There are two things that you can do to work on the gratitude in your life. One, you can use techniques such as negative visualization and writing out gratitude lists, and that can certainly be helpful. But also, you can arrange your life in such a way that you are always delighted to find new things to be grateful for.

In other words, if you sit at home on your couch and just sort of veg out every day, are you going to have an easy gratitude list to make? Probably not. You might struggle to find reasons to be grateful if you have a boring and uninspired life.

So I am going to go against conventional wisdom here a bit and say this:

Yes, you can create gratitude out of thin air. Yes, you can choose happiness right now, with no change in circumstances. Yes, you can use negative visualization or write out gratitude lists and thus create your own gratitude from simple thought experiments.

However, you can also do more in my experience. You can push yourself to do the footwork of recovery, the hard work, the step work, and the work that is rebuilding your life into something positive.

In other words, let’s not just say “we all have everything that we need right now to be perfectly content, and therefore we should all be overflowing with gratitude.” That might be true in the purely mystical sense, but I think from a practical standpoint we can do better.

In other words, let’s also create a plan of recovery that involves building ourselves up and rebuilding our lives in a positive way.

I am grateful today that I got into shape in my recovery and I work out on a regular basis. I am grateful today that I went back to college and finished up that degree. I am grateful today that I started a side business and found some success with it. I am grateful today that I work in a treatment center and have seen several promotions.

In other words, if you really want to feel gratitude, I believe that you should put in some hard work. Achievement should be a part of your quest for gratitude.

Not in a selfish kind of way, but in an empowering sort of way. In other words, I am grateful that I get to work in a treatment center today and have the opportunity to give back to others and share my experience in recovery. I get to do that. I am lucky enough to be able to do that. And part of it was the hard work that I put in to get into that position.

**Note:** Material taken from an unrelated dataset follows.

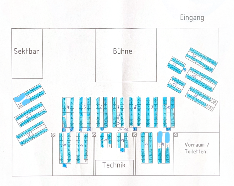 3... 2... 1... meins! Hier habt Ihr einen Sitzplan der Halle, auf dem Ihr sehen könnt, welche Plätze bereits vergeben oder reserviert sind. Immer daran denken, wer zuerst kommt, mahlt zuerst. Endspurt, schnell noch einen der letzten Plätze sichern!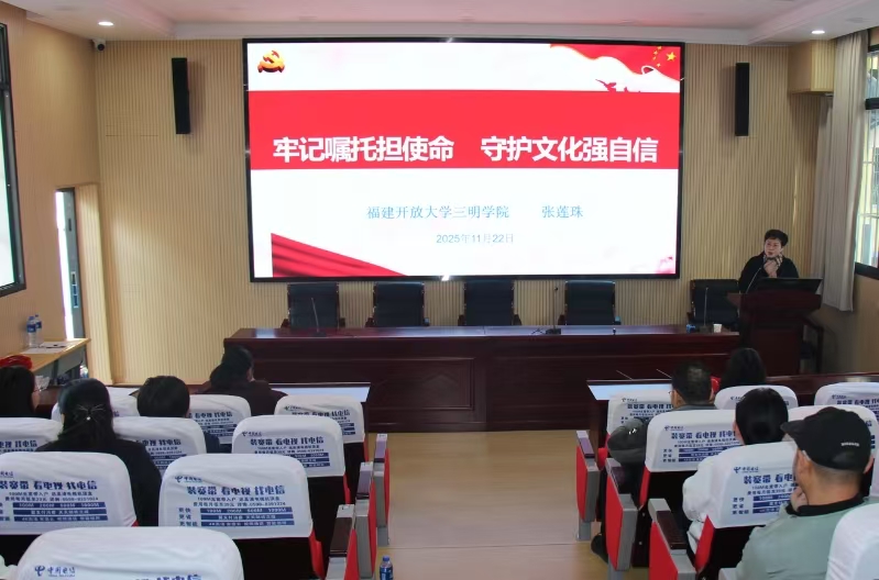 活动开始福建开放大学三明学院副院长张莲珠以“牢记嘱托担使命 守护文化强自信”为题讲授思政课,将万寿岩保护实践与开放教育育人目标深度融合。课上回顾2000年时任福建省省长的习近平同志两次批示保护万寿岩旧石器时代洞穴遗址,推动其从濒危走向国家考古遗址公园、国家二级博物馆,成为文化遗产保护典范。张莲珠结合开放教育面向大众、注重实践的特点,号召开大学子以万寿岩保护精神为指引,深耕文化遗产知识,将守护使命融入学与行,为三明文化保护发展贡献开放教育力量。

So I do realize that the conventional wisdom tells us that we can all be grateful, right now, with no changes required.

But I also feel like we should push ourselves to achieve more, to make something more of our situation, to find a way to tap into our strengths so that we can help others. And when you create those connections and find a way to succeed in your recovery, it is like a huge gratitude multiplier. And I think that is worth striving for.